WAYS TO USE SOAPBERRY SOAP BASE:
- Melt-and-pour, add colors, fragrances etc. to make your own handmade soap
- A general purpose cleaner around the home
- hair shampoo
- body soap
- laundry detergent
- laundry soaker
- dish washing liquid
- shaving cream
- Stainless Steel & Glass Cleaner
Did you know that you can grow your own soap? There are many “soap plants” but perhaps the most well-known is the Soapberry, Sapindus saponaria. It’s a small to medium-sized deciduous tree native to the Americas. Common names include wingleaf soapberry, western soapberry, jaboncillo, sulluku, manele and a’e (Hawaiian). Its genus name, “Sapindus”, comes from the Latin, meaning Indian soap, and its specific epithet means “soapy.”

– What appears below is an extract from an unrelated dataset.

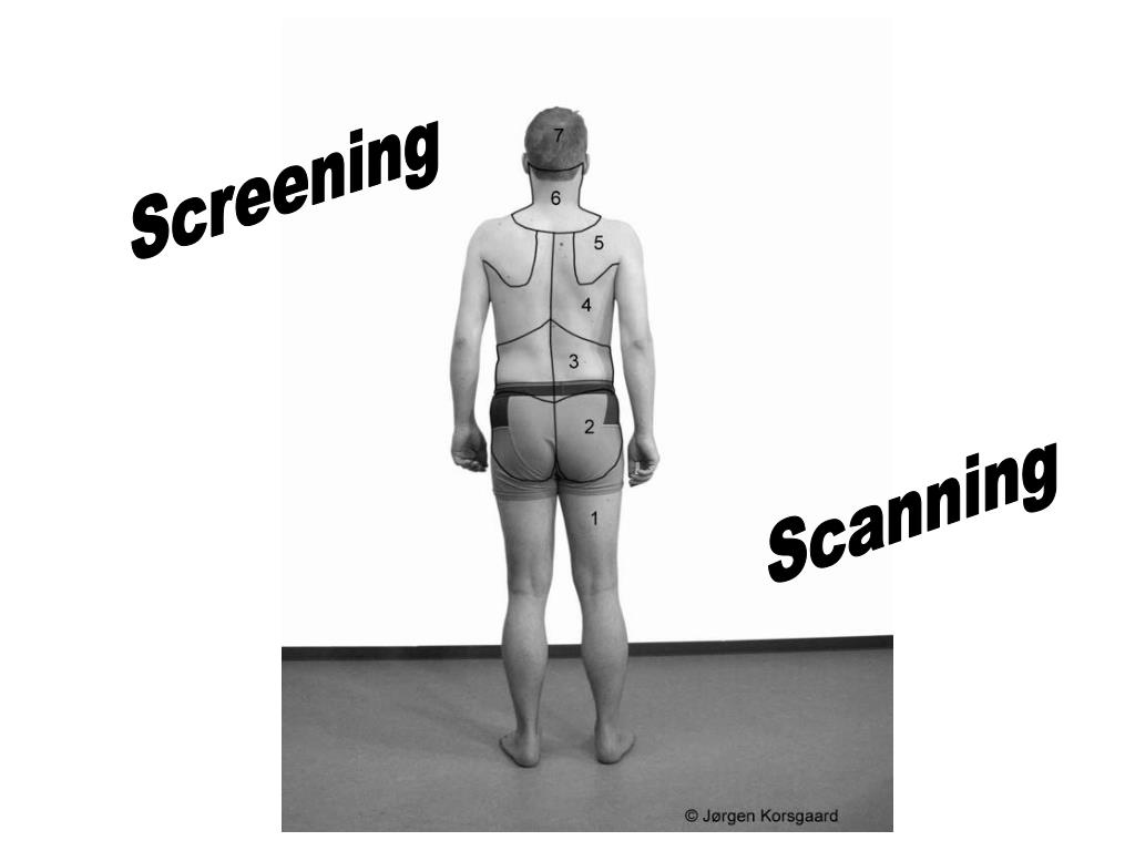 Manuel medicinsk screening • Columna • Bækken • Underekstremiteter • Overekstremiteter incl skulder • Nakke/hoved

Each golden colored Soapberry fruit (they are often called “soap nuts”) is between 1.2 in. to 1.4 in. (3 cm to 3.6 cm) in diameter. They become translucent and wrinkled when fully mature, and contain a single seed. The fruits can contain as much as 37% of saponin, and when soaked in water they produce a soapy lather. Historically, they were popular in Mexico and in other regions for laundering clothes.
Soapberries are non-chemical eco-friendly, biodegradable. They work to reduce the surface tension in water to remove dirt and clean almost anything around the home. Soapberries are a natural, grey water safe, palm oil free, vegan household cleaning solution that actually works! But what many people don’t know is how multipurpose they are. Not only are they fantastic as a natural laundry detergent, you can use soapberries as an all purpose cleaner, shampoo, body soap, dish detergent, and more. Soap berries are hypoallergenic, so they are a great choice for people with sensitive skin and allergies, babies and children. They are also antibacterial, antifungal and odourless.
If you have some soapberries, simmer them in water to extract the soapy goodness, them use the liquid to wash clothes, or as a shampoo for your hair. If you don’t have access to Soapberries you can buy sticks of soapberry soap base and use it to wash with, or to make your own natural soap bars.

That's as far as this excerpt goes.